Big data is also useful for identifying trends. While information about a potential outbreak typically goes from a physician, to a county level health office, to a state office and ultimately the Centers for Disease Control and Prevention (CDC), HealthMap.org  strives to discover outbreaks more quickly by drawing information from a variety of sources.
HealthMap researchers draw information from Twitter, Facebook and news reports, decreasing the amount of time that passes from the start of an outbreak to its detection, according to David McIver, Harvard Medical School and Boston Children's Hospital research fellow in informatics. Recently, by finding an article in a local French-language newspaper in New Guinea, HealthMap identified an outbreak of Ebola nine days before the World Health Organization (WHO).
"Unless people are actively looking at these in newspapers and different languages, these things will not be picked up," McIver said.
While HealthMap identifies early-stage outbreaks, the Open Source Indicators (OSI ) program at the Intelligence Advanced Research Projects Activity (IARPA ), a center of the Office of the Director of National Intelligence, uses publicly available data to predict significant social events, including outbreaks. OSI looks at social media, and what people are looking for on search engines and Wikipedia, as well as dinner reservation cancellations and crowding in hospital parking lots.
"The goal is to take a bunch of very noisy, weak signals and combine them in a way that gives a stronger signal," said Jason Matheny, OSI program manager. When OSI handily predicted outbreaks of the flu more quickly than Google Flu Trends, researchers developed a corrected model of Google Flu Trends, which OSI beat by two weeks.
Another IARPA program, Foresight and Understanding from Scientific Exposition (FUSE ) examines indicators in the scientific and patent literatures to predict technological breakthroughs. "This is an important problem for those who are trying to track the security implications of technology or the economic implications of technology," Matheny said. "Hundreds of thousands of documents [are] being added each month, so keeping up with this really does require a machine learning approach."
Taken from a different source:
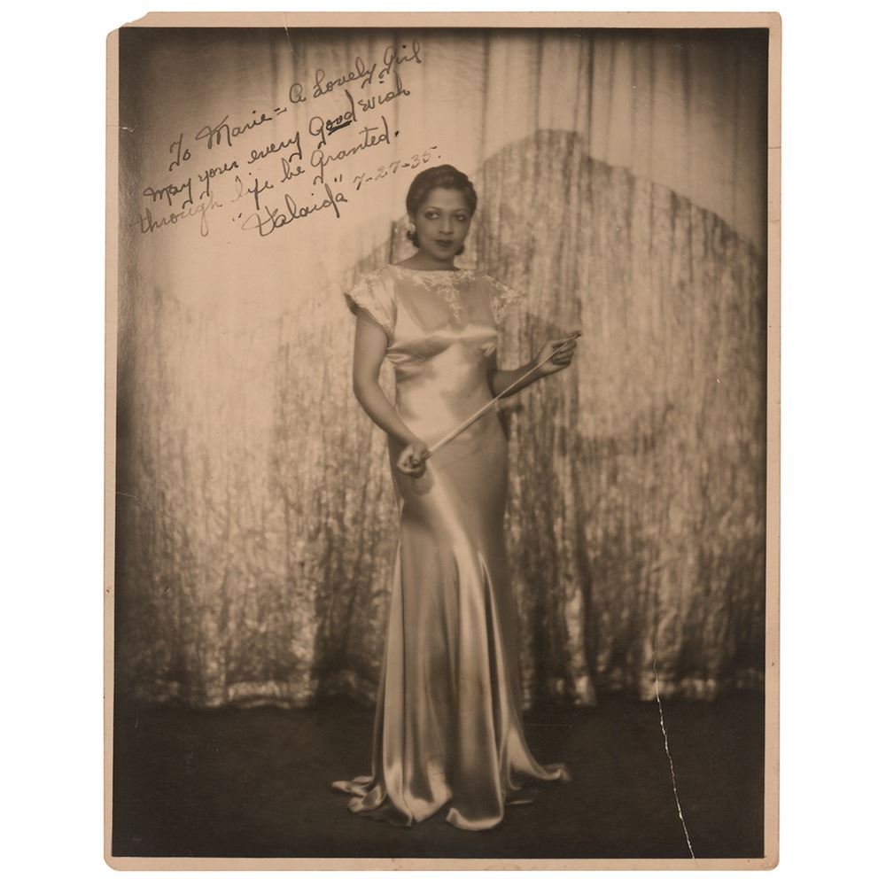 Vintage matte-finish 7.75 x 10 photo of Snow in a full-length pose, signed and inscribed in fountain pen, "To Marie—A lovely girl, may your every good wish through life be granted. 'Valaida,' 7-27-35.†In very good condition, with a missing upper left corner tip, and a tear to the lower right.

Forecasting Science and Technology (ForeST ) takes FUSE a step further and enables individuals to predict when specific technological milestones will occur, like when the cost of whole genome sequencing will drop to $100. The project includes an S&T forecasting tournament called SciCast , which is led by George Mason University and IARPA with assistance from AAAS CSTSP.
"We have hundreds of questions posted and thousands of participants," Matheny said. "For those in the audience who have a competitive streak or are interested in seeing what the science and technology crowd thinks about a range of questions, I encourage you to participate."
AAAS CSTSP and FBI WMDD have established a working group of individuals from government, academia and the private sector with expertise in the life sciences, computer sciences and health who will continue to research key topics identified at the event , Berger said.
"The partnership between the FBI and AAAS has been a very successful one in tackling biosecurity," said Edward You, Supervisory Special Agent, FBI WMDD. "This is an opportunity to basically widen that lens and try also to look at some of the really rapidly advancing and growing capabilities and capacities."
"I really appreciate the partnership that we have with AAAS because they have helped us reach the research community," said Gabe Sampoll-Ramirez, chief scientist of the FBI WMDD. "We care about this relationship because we see [the Association] as a partner in preventing bioterrorism."